Gesättigte Fettsäuren sind sehr stabil, jedes Kohlenstoffatom (C) wird von Wasserstoffatomen (H) sinnbildlich geschützt. Deshalb lassen sich gesättigte Fettsäuren auch höher erhitzen und Fette wie Butter oder Kokosnussöl – reich an gesättigten Fetten – sind gut zum Kochen geeignet.

Bei ungesättigten Fettsäuren sind nicht alle C-Atome durch H-Atome geschützt, weshalb eine sogenannte Doppelbindung (=) zwischen einzelnen C-Atomen entsteht. Durch die Doppelbindungen wird die Fettsäure instabiler. Einfach ungesättigte Fettsäuren (wie zum Beispiel viel in Olivenöl enthalten) haben nur eine dieser Doppelbindungen und sind noch relativ stabil.

Bei mehrfach ungesättigten Fettsäuren dagegen liegen mehrere Doppelbindungen vor, weshalb diese deutlich instabiler sind. EPA zum Beispiel hat fünf Doppelbindungen.

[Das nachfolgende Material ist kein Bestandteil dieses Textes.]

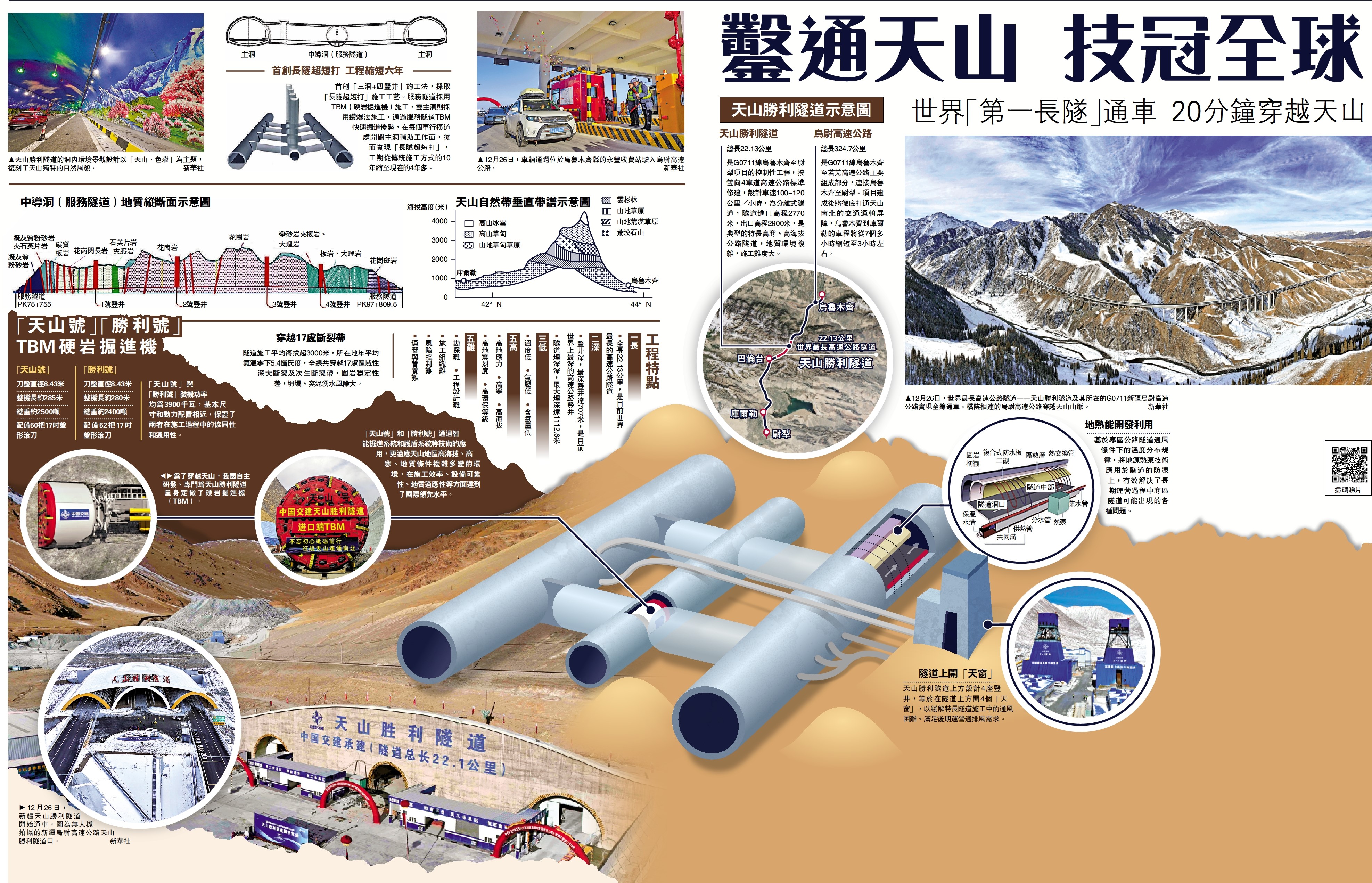 12月26日上午,世界最長高速公路隧道──天山勝利隧道通車,該隧道穿越天山中部直連新疆南北,將原來數小時的盤山路縮短到約20分鐘。這也標誌着新疆烏魯木齊至尉犁的G0711高速公路(烏尉高速)全線投入使用,讓地處北疆的自治區首府烏魯木齊至南疆重鎮庫爾勒的駕車時長,從以往的7小時大幅壓縮至3小時。天山築路,中國再創造隧道建設的世界新奇跡。\大公報記者 應江洪
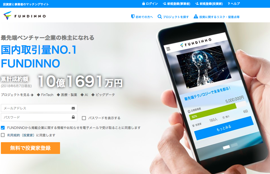 そんな思いを胸に秘め日本初の株式投資型クラウドファンディング「ファンデーノ」をスタートさせました。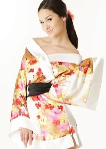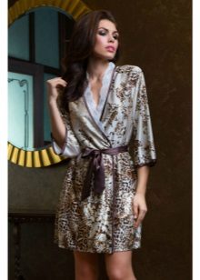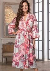 The kimono model is popular when the dressing gown has long sleeves expanding towards the end, and also preferably a wide belt. Most often, oriental prints are chosen for them to give greater authenticity.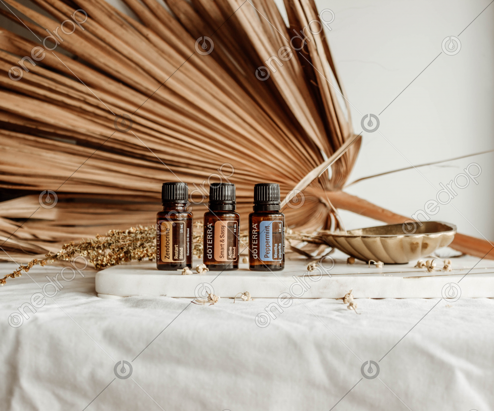 Image of the Reset Bundle (Smart & Sassy, Zendocrine & Peppermint) including Australian and New Zealand specific products, on marble board with dried flowers and dried palm leaf. Natural, bright, warm.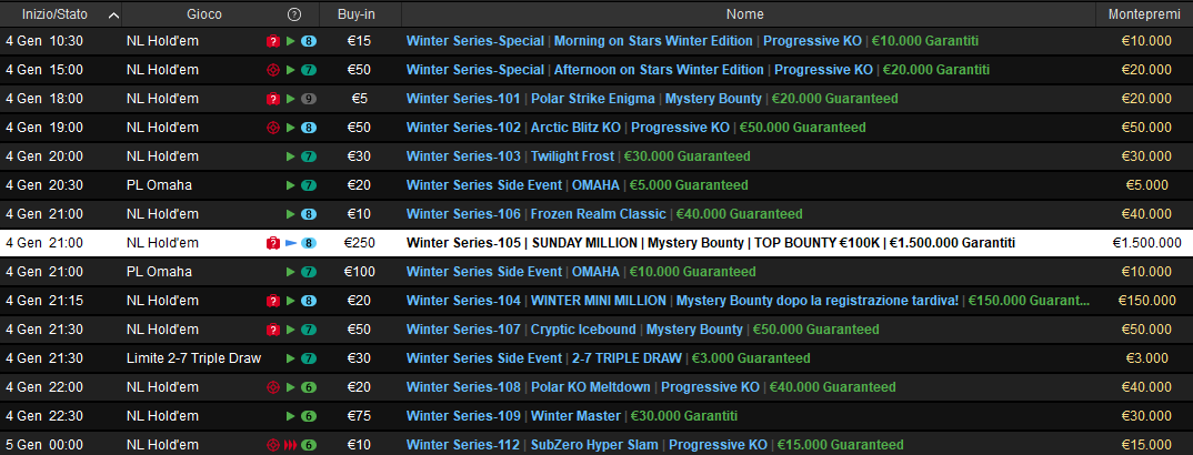 Nelle room PokerStars e Sisal si continua a far sul serio, magari con la voglia di farsi un bel regalo di inizio 2025. Allora spazio alle Winter Series con ottimi garantiti e soprattutto con il SUNDAY MILLION da un milione e mezzo di euro in palio!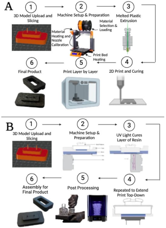 Summary of key steps in the rapid prototyping of 3D molds used for elastomeric soft lithography. (A) Fused deposition modeling (FDM) was used to manufacture plastic molds of polyethylene terephthalate glycol (PETG), wherein the 3D device model was converted to gcode for melted plastic extrusion and printed layer by layer. (B) Stereolithography (SLA) was used to develop resin molds of polylactic acid (PLA) via digital upload of the 3D device model, UV curing of layered resin, and two rounds of post processing in isopropyl alcohol.

Doppelbindungen sind besonders anfällig für die Oxidation durch freie Radikale. Greifen freie Radikale die Fettsäure an, verändert sich dadurch ihre Struktur und diese wird ranzig – man nennt diesen Vorgang im und außerhalb des Körpers Lipidperoxidation.

Ranziges Öl ist folglich schlichtweg Fett, das durch freie Radikale oxidiert wurde. Durch die Oxidation entstehen neue freie Radikale, welche andere Fettsäuren angreifen und eine Kettenreaktion entsteht. Deshalb sollte man zum Beispiel Leinöl im Kühlschrank aufbewahren und vor Wärme und Sonne besonders gut schützen. Gleiches gilt natürlich für Fisch oder Fischöl-Kapseln.

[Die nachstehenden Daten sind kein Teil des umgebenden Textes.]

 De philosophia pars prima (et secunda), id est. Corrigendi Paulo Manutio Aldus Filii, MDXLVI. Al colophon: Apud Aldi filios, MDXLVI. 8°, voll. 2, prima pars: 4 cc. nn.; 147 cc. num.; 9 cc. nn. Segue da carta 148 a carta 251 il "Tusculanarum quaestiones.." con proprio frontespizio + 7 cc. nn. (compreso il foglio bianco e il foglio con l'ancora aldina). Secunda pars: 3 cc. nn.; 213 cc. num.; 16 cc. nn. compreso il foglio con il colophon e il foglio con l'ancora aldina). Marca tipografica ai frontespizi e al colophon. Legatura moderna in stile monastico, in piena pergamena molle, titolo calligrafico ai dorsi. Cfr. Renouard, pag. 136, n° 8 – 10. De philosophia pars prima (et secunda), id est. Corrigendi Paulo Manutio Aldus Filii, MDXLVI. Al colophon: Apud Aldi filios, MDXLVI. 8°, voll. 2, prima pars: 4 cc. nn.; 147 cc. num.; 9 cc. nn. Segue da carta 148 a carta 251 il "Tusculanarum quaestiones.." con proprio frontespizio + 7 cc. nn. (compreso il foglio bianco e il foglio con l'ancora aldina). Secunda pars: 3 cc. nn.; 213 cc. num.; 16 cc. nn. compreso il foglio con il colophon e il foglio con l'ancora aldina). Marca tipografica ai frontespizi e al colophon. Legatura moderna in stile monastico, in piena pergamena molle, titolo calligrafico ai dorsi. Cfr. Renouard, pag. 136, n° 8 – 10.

Die mehrfach ungesättigten Fettsäuren EPA und DHA sind für die Gesundheit unseres Körpers unersetzlich. Jedoch sind sie anfällig für Oxidation durch freie Radikale.

Also sind Fischöl-Kapseln schädlich?

Nein, nicht zwangsläufig, genauso wenig wie der Konsum von Fisch schädlich ist. Schuld ist vor allem unsere moderne Ernährung, wodurch wir unterdurchschnittlich schlecht an Antioxidantien versorgt sind. Antioxidantien sind jedoch unersetzlich, um ungesättigte Fettsäuren in unserem Körper vor freien Radikalen zu schützen.

Nehmen wir also vermehrt mehrfach ungesättigte Fettsäuren auf – um unseren Körper eigentlich etwas Gutes zu tun – verbrauchen wir dadurch automatisch zahlreiche Antioxidantien (an denen wir schon vorher unterversorgt waren).

Stehen nicht genügend Antioxidantien zur Verfügung, so oxidieren hierdurch die ungesättigten Fettsäuren des Fischöls.

Dadurch können wir unserem Organismus vor allem auf lange Sicht mehr schaden als unterstützen. Das öffnet Tür und Tor für freie Radikale, die ungestört toben und unsere Zellen beschädigen können.

Sinclair hätte sich die Diät der Eskimos mal besser genauer ansehen und vielleicht auch mal mit einem Eskimo sprechen sollen. Denn er hat den großen Fehler begangen, sich ausschließlich auf die ungesättigten Fettsäuren zu konzentrieren. Den gleichen Fehler begehen unwissentlich viele Verbraucher, wenn sie durch beeinflussende Werbung oder unseriöse Ernährungsberater fehlgeleitet werden.

Eskimos konsumieren traditionell zum Beispiel auch Blut oder Nieren und andere Organe. Dadurch nehmen sie nicht nur n3- sondern auch n6-Fettsäuren auf und kommen auf ein relativ ausgeglichenes Fettsäureverhältnis. Außerdem erhalten sie hierdurch vielfache Antioxidantien und zahlreiche andere Mikronährstoffe.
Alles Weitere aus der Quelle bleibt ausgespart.